Vascular Endothelial Growth Factor Enhances Proliferation of Human Tenocytes and Promotes Tenogenic Gene Expression

Abstract

Background: In obtaining human tenocytes for tendon tissue engineering, a low proliferation rate and phenotype loss during passaging is a problem. It was the authors' aim to evaluate the influence of vascular endothelial growth factor (VEGF) on human tenocyte growth and gene expression.

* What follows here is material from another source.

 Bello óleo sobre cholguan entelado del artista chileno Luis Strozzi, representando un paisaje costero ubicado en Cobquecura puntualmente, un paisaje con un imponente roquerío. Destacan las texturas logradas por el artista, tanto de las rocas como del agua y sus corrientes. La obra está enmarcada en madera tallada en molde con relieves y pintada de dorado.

Methods: Human tenocytes were exposed to human VEGF in various concentrations (5, 10, and 20 ng/ml) for 5 days. Cell proliferation was counted and expression of tendon-related genes was analyzed.

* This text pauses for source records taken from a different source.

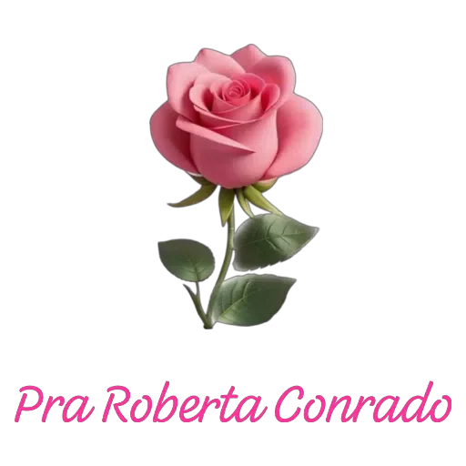 Uma rosa rosa com folhas verdes e o texto 'Pra Roberta Conrado' em rosa.
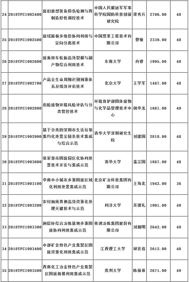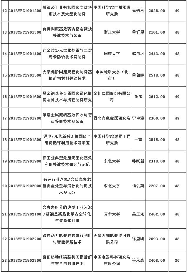 國(guó)家重點(diǎn)研發(fā)計(jì)劃“固廢資源化”重點(diǎn)專(zhuān)項(xiàng)2018年度項(xiàng)目安排公示清單
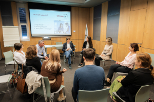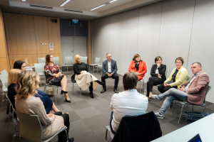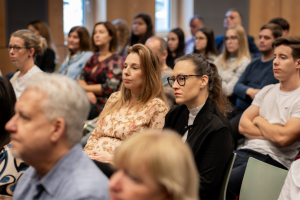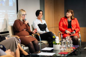 A pódiumbeszélgetés során neves vállalati szakemberek osztották meg tapasztalataikat és jó gyakorlataikat, betekintést nyújtva abba, miként teremthető meg a szervezeteken belül az eredményesség és az emberség egyensúlya. A beszélgetést Dr. Konczosné Prof. Dr. Szombathelyi Márta moderálta, a résztvevők között pedig több jelentős vállalat vezetői és szakemberei is jelen voltak:
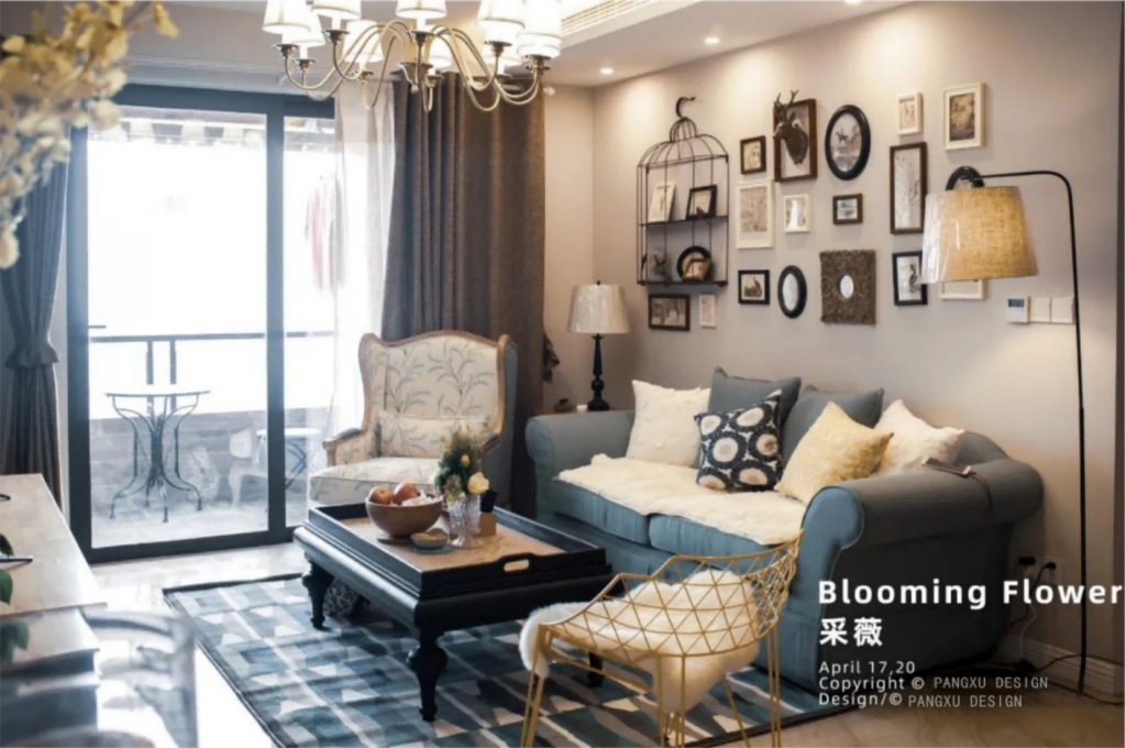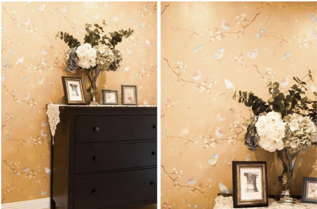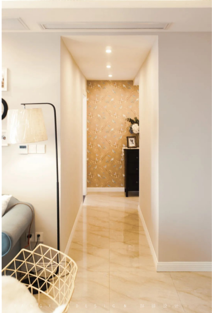 @胖徐设计工作室:屋内春意盎然不减,鸟语花香气息弥漫。壁布相衬“采薇”花束,多诗意的家。

Results: Tenocyte count was 1.4 × 10(5)/ml, 2.7 × 10(5)/ml, 2.3 × 10(5)/ml, and 3.7 × 10(5)/ml for 0, 5, 10, and 20 ng/ml VEGF, respectively. Expression of Col1 was up-regulated 6.4 ± 4.2-fold, 60.1 ± 21.6-fold, and 15.8 ± 10.2-fold for 5, 10, and 20 ng/ml VEGF; all differences were significant with p < 0.05. Col3 was down-regulated to 0.2 ± 0.1-fold, 0.3 ± 0.1-fold, and 0.1 ± 0.03-fold for 5, 10, and 20 ng/ml VEGF; all differences were significant. Eln was up-regulated 2.3 ± 1.7-fold, 25.5 ± 10.9-fold, and 16.6 ± 9.0-fold for 5, 10, and 20 ng/ml VEGF; differences were significant for 10 and 20 ng/ml VEGF. TSC was down-regulated to 0.3 ± 0.1-fold and 0.3 ± 0.1-fold for 5 and 20 ng/ml VEGF; differences were significant for 5 and 20 ng/ml. SCX was up-regulated to 31.3 ± 8.5-fold, 49.1 ± 23.4-fold, and 20.9 ± 9.5-fold for 5, 10, and 20 ng/ml VEGF; all changes were significant.

Conclusions: VEGF enhances proliferation and expression of tendon-related genes in human tenocytes. It could therefore be a useful addition for tenocyte cultivation.